The error handling system provides:

  1. Error Classification: Specific exceptions are often defined (e.g., in api/base/exceptions.py) and raised by API clients.
  2. Error Recovery: The FallbackManager and underlying fetch mechanisms often include retries (sometimes with exponential backoff) for transient network or API errors.
  3. Logging: Errors during fetching or processing are logged to Home Assistant logs for diagnostics.
  4. Fallback to Cache: If all sources fail, the system attempts to use previously cached data.

Fallback System

The fallback system ensures reliability:

  1. Prioritized List: Uses the user-configured source priority list for the region.
  2. Sequential Attempts: The FallbackManager tries fetching from each source in order.
  3. First Success Wins: Uses the data from the first source in the list that returns valid data.
  4. Caching: If all sources in the priority list fail, it falls back to using cached data if available and not expired.
  5. Status Tracking: Sensor attributes often indicate which source succeeded (data_source), which were tried (attempted_sources), and if cache was used (using_cached_data).

Testing

The integration includes automated tests using pytest and manual test scripts.

Automated Tests (pytest)

Located in tests/pytest/. Organized into unit, integration, and lib tests.

To run all pytest tests:

pytest tests/pytest/

To run specific categories (e.g., unit tests):

pytest tests/pytest/unit/

(Refer to tests/README.md for more details on pytest structure and execution).

Manual Tests

Located in tests/manual/. These scripts often test against live APIs (API keys might be required via environment variables).

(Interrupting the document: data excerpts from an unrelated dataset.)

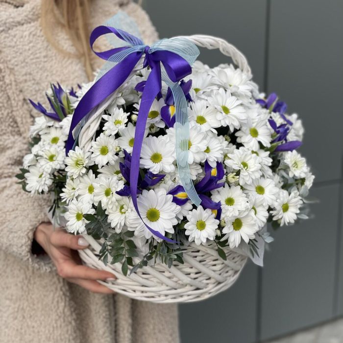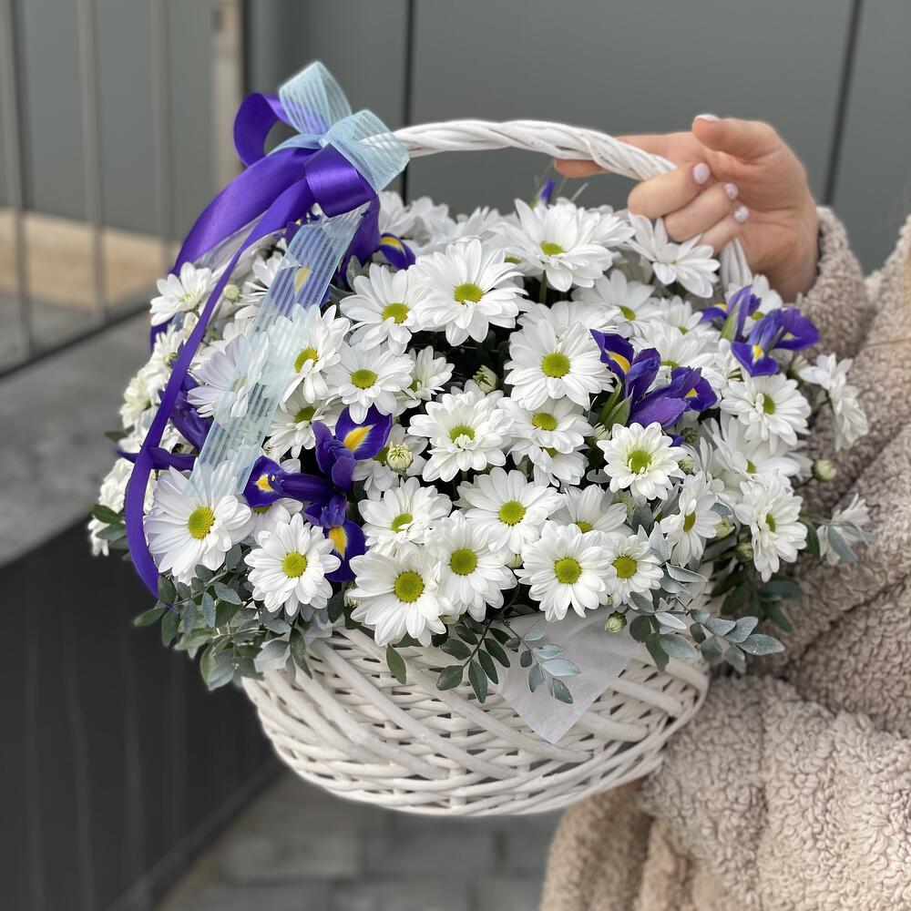 Хризантема – 11 шт. ирисы – 9 шт. Писташ – 6 шт. Корзина – 1 шт. Оазис – 2 шт. Оформление – 1 шт.
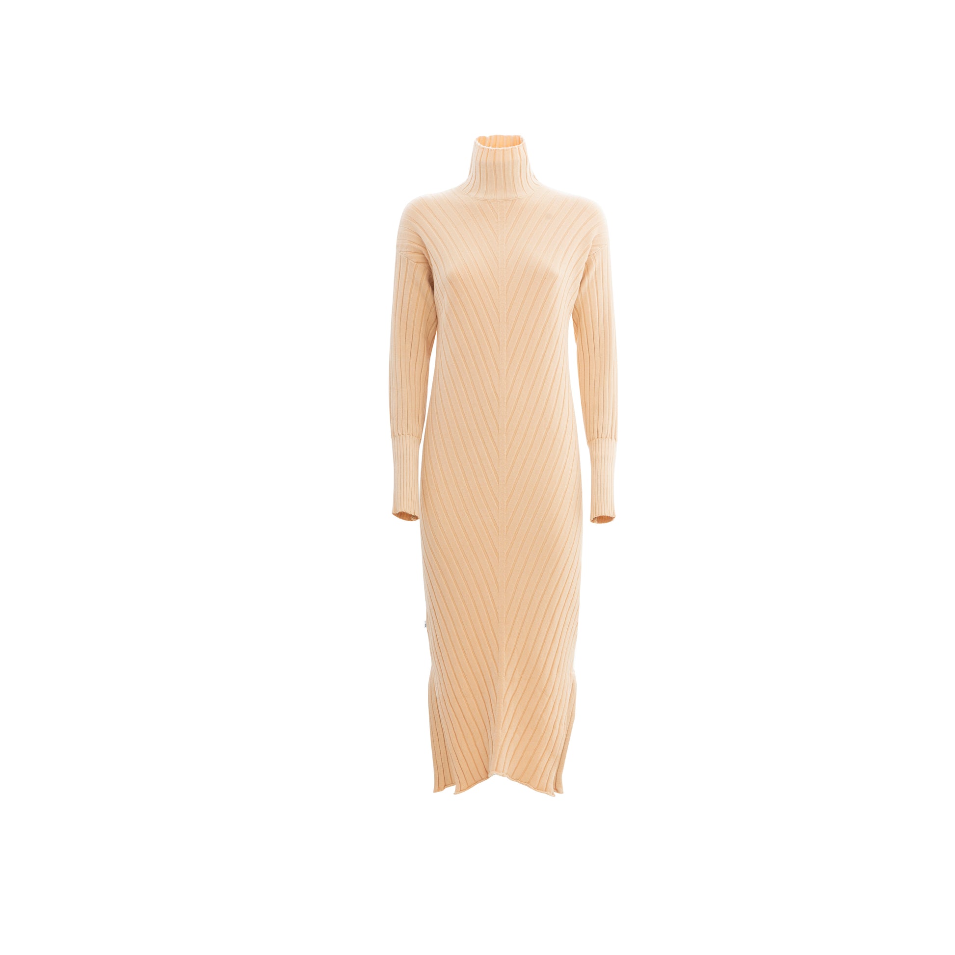Fitted midi length dress in beige, all knitted with high neck
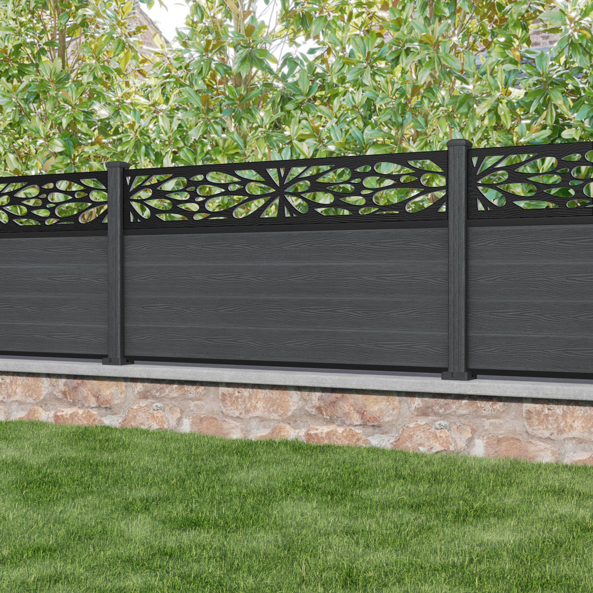 Classic Blossom Fence Panel Dark Grey - with our composite posts
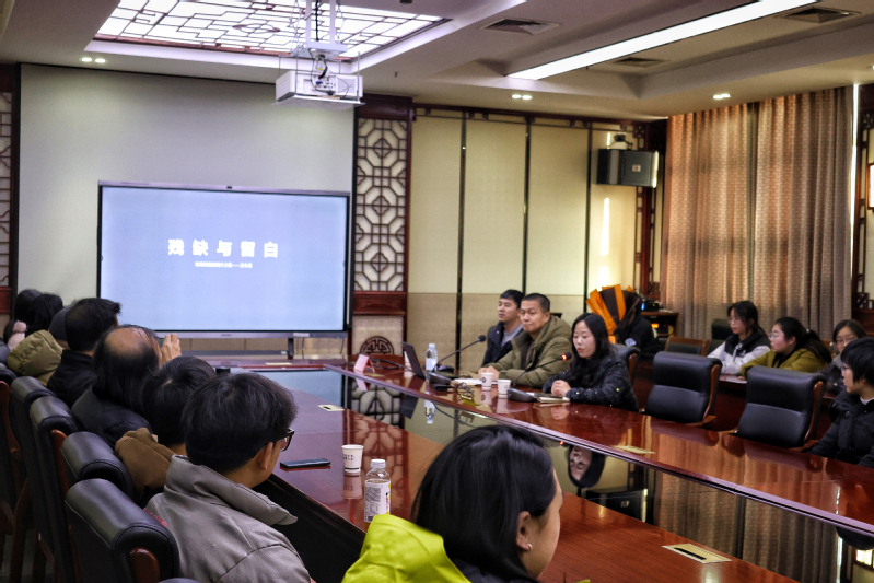 关于讲座的主题“残缺与留白”,源于近些年他不断寻求绘画语言的建构和绘画精神性的表达。为了使“残片”形式合乎语言逻辑,并产生视觉上的舒适感,他开创性地引入了水墨留白、拓片断墨、影像残缺与篆章的“开门、留窗”的图式语言来经营画面,表达对传统绘画背后人文思想的再认识。他鼓励同学们要善于从熟悉的事物中发现新的创作点,做到内容与形式的融合,不断创新,以严谨的态度进行艺术创作,为今后的教师生涯打下坚实的专业基础。
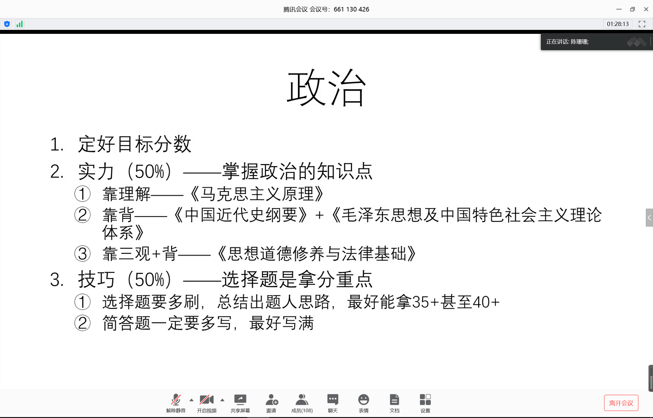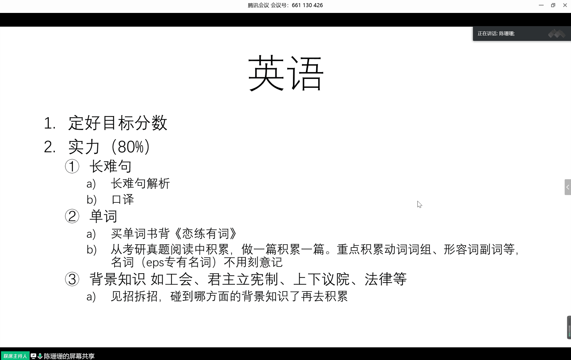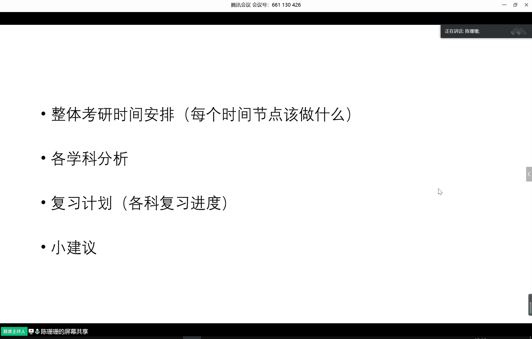 为了进一步提高我院学生的考研热情,明确考研目标,为同学们答疑解惑,了解掌握相关考研信息,我院学业发展部于4月30日下18:30举办了一场线上考研经验交流会,邀请到了2016级的申浩阳学长和2016级的陈珊珊学姐为我院同学传授考研备考技巧和心得。
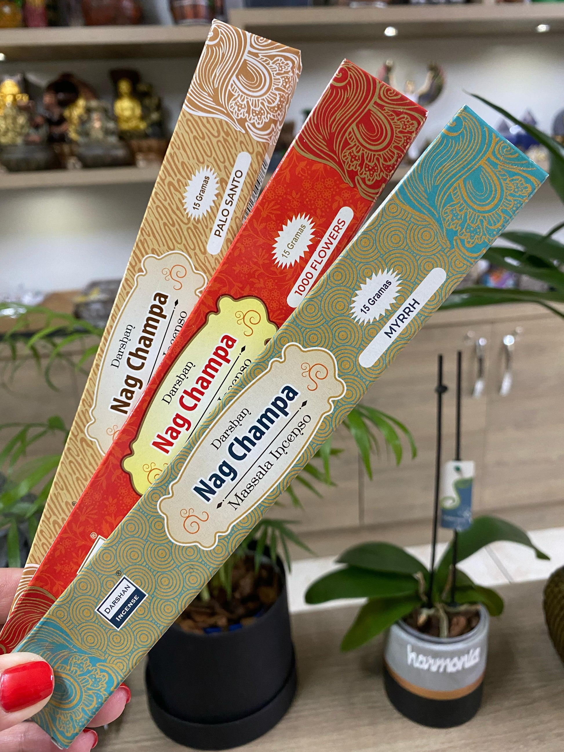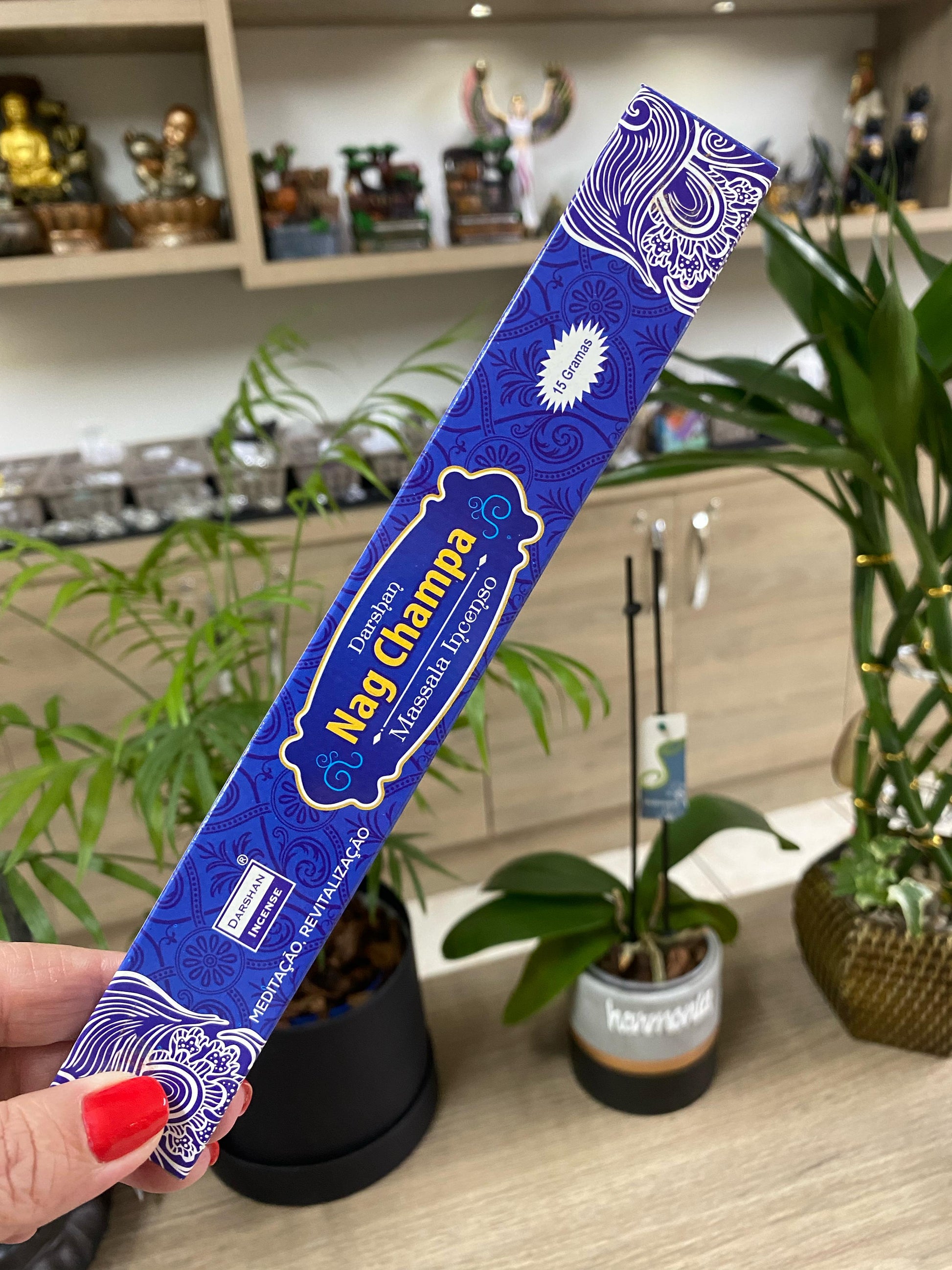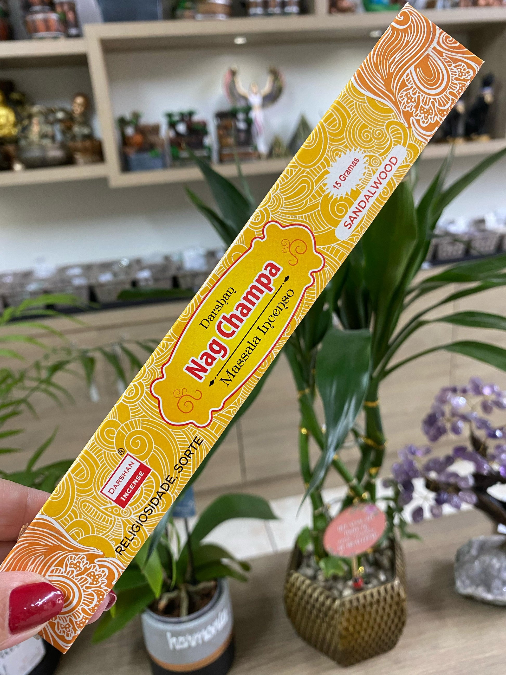 Explore uma variedade de fragrâncias envolventes com o Incenso Nag Champa da marca Darshan. Cada caixa contém 15g, proporcionando uma experiência aromática duradoura que eleva o ambiente com notas distintas e envolventes.
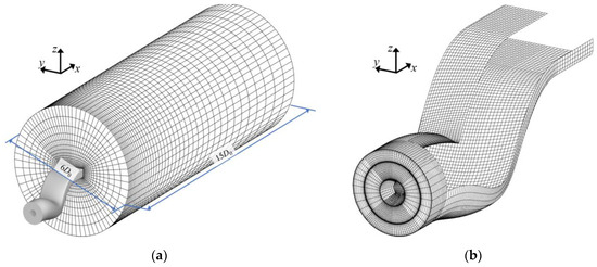 Numerical grid of the computational domain. (a) Computational domain. (b) Grids of the serpentine exhaust system.
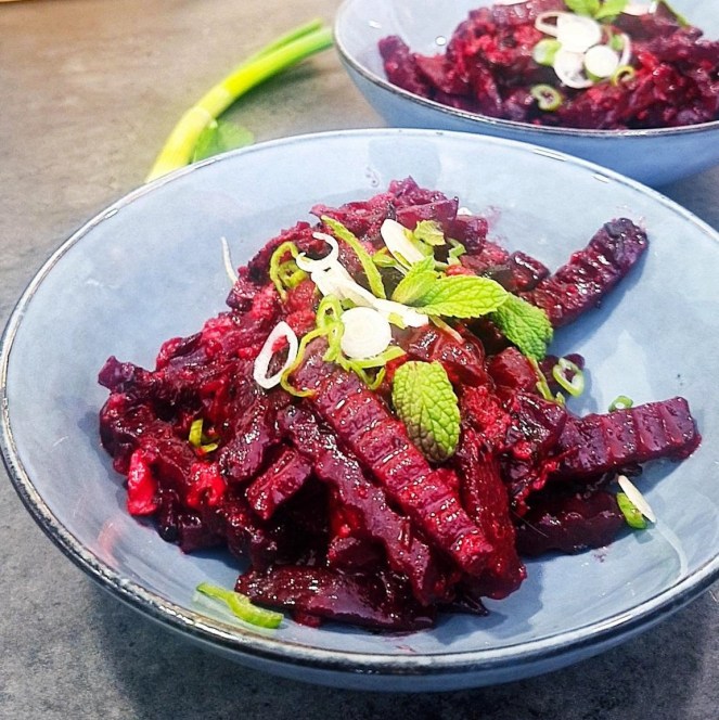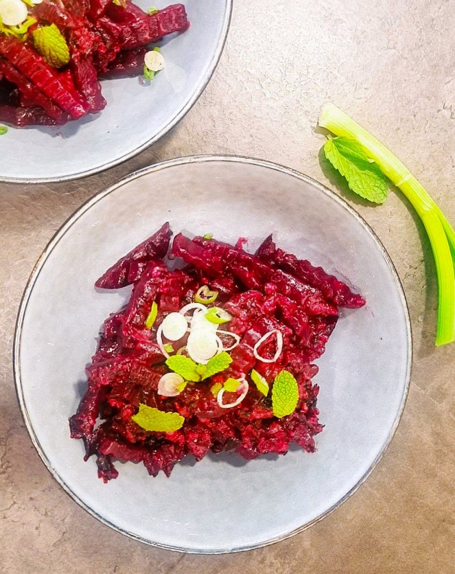 Entstanden ist das Rezept aus einem Missverständnis zwischen der Bete und mir: ich war davon ausgegangen, dass die Knolle weich wird, wenn sie längere Zeit mariniert. Geplant hatte ich einen Salat… wie sich herausstellte, ist dem nicht so. Die Bete war in der Marinade knallhart geblieben. Freche Knolle!
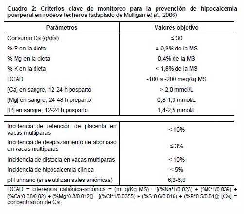 Cuadro 2: Criterios clave de monitoreo para la prevención de hipocalcemia puerperal en rodeos lecheros (adaptado de Mulligan et al., 2006)
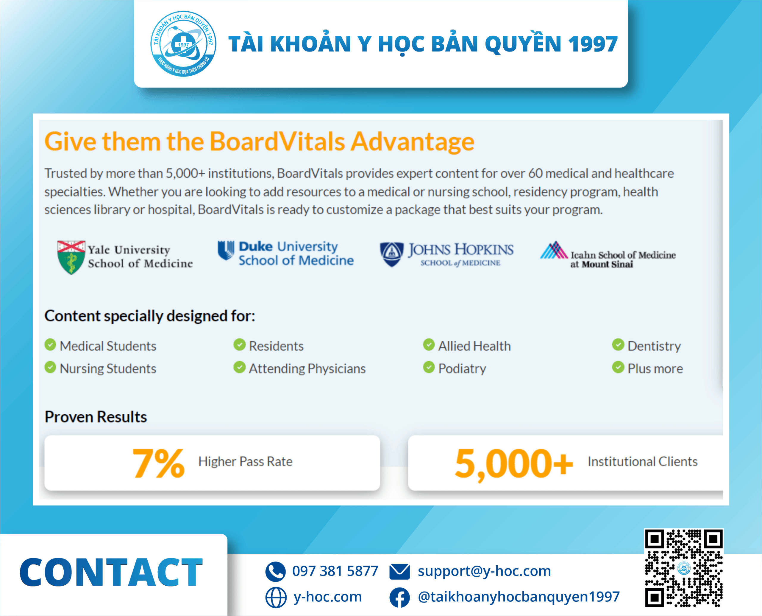 BoardVitals tập hợp nội dung từ các nhà xuất bản lớn như McGraw-Hill, Wolters Kluwer Health, và Wiley Publishers, trường đại học và xây dựng đội ngũ giảng viên, các chuyên gia chăm sóc sức khỏe hàng đầu đã tạo ra hệ sinh thái đào lớn nhất về y khoa. Nền tảng được xây dựng và phát triển với mục đích hỗ trợ các học viên chuẩn bị cho các kỳ thi cấp giấy phép, tái chứng nhận (MOC), chứng chỉ CME và các kỳ thi tại chức với nguồn tài liệu của hơn 30 chuyên khoa. Cho đến nay, Board Vitals đã đào tạo hơn 400,000 học viên và được lựa chọn bởi 5,000+ tổ chức uy tín như đại học John Hopkins, Yale, Duke, Cơ quan Quản lý Sức khỏe Cựu chiến binh Hoa Kỳ,…
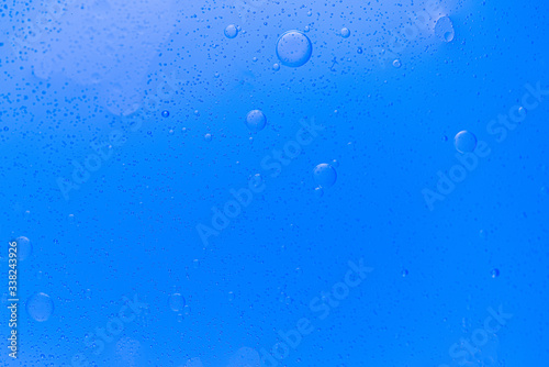 Abstract Underwater air bubbles, round shape, water frozen in time, blue background, clean backdrop texture

Example: Run a specific manual integration test:

python -m tests/manual.integration.nordpool_full_chain SE4

(Refer to tests/README.md and individual script headers for usage instructions).

Performance Optimization

The integration includes several performance optimizations:

  1. Asynchronous Operations: Uses asyncio and httpx.AsyncClient for non-blocking I/O during API calls.
  2. Source Prioritization: Avoids calling lower-priority sources if a higher-priority one succeeds quickly.
  3. Advanced Caching: Caches processed data (CacheManager) and exchange rates (ExchangeService) with configurable TTLs to reduce redundant computations and API calls.
  4. Rate Limiting: Implements rate limiting (utils/rate_limiter.py) to avoid overwhelming APIs and respect usage limits, especially during frequent update checks.
  5. Parallel Fetching (Potential): While utils/parallel_fetcher.py exists, verify its current usage in the main fetch flow. This was a planned refactoring which never went live due to it's complexity.

License

This integration is licensed under the MIT License.